Levan Datunashvili
- Born: 18 January 1983 (age 43) Tbilisi, Georgian SSR, Soviet Union
- Height: 1.96 m (6 ft 5 in)
- Weight: 114 kg (17 st 13 lb; 251 lb)

Rugby union career
- Position: Lock

Senior career
- Years: Team / Apps / (Points)
- -2006: Vierzon
- 2006-2008: Montluçon / 15 / (5)
- 2008-2010: Aurillac / 23 / (10)
- 2010-2011: Figeac / 18 / (5)
- 2011-2016: Aurillac / 125 / (40)
- 2018-2019: Jiki Gori
- Correct as of 18 April 2016

International career
- Years: Team / Apps / (Points)
- 2004-2015: Georgia / 75 / (30)
- Correct as of 7 October 2015

= Levan Datunashvili =

Georgia international rugby union player (born 1983)

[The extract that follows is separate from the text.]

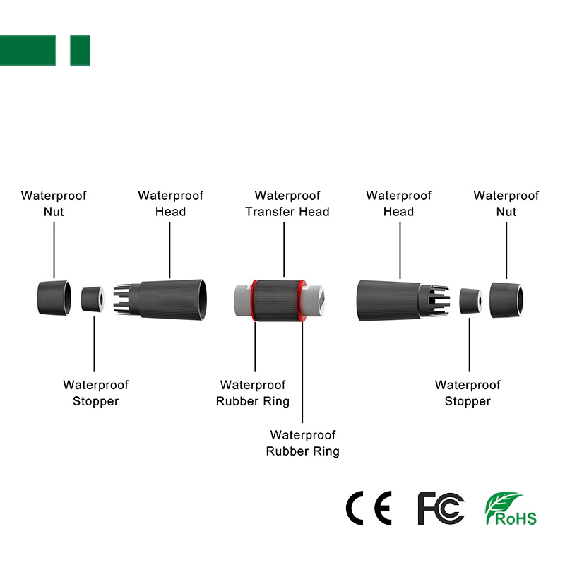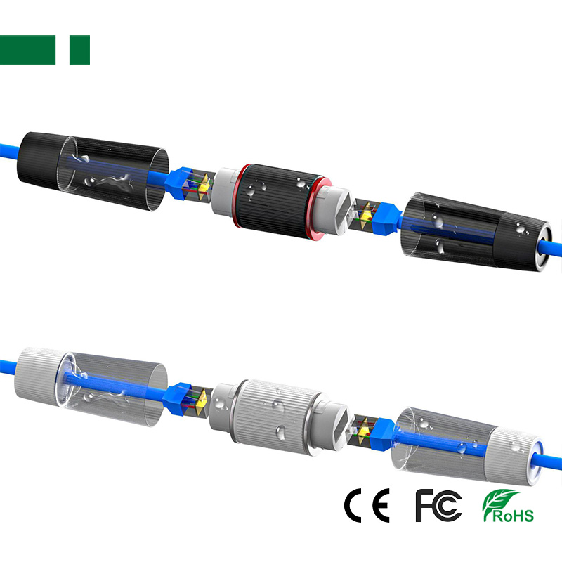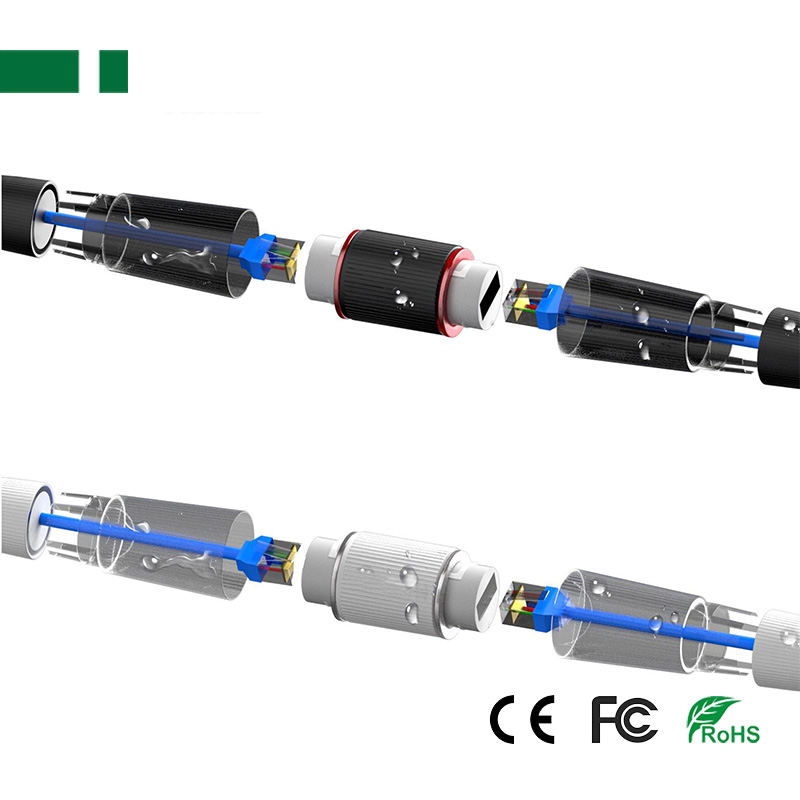 IP67 Outdoor Waterproof RJ45 Straight-through Header Connector, Ethernet Network Cable Extender.

Levan Datunahsvili (ლევან დათუნაშვილი; born 18 January 1983, in Tbilisi) is a Georgian rugby union player who plays as a lock.

==Career==
Datunahsvili currently plays for Aurillac, in France.

He has currently 75 caps, with 8 tries scored, 40 points in aggregate, for the Georgian Squad. His debut was on 22 February 2004, in a 6-6 draw with Spain, where he played as a substitute. He was selected for the Georgia side that entered the 2007 Rugby World Cup finals. He played three matches, two of them as a substitute. He was called for the 2011 Rugby World Cup, playing in four matches. He was scoreless in both presences.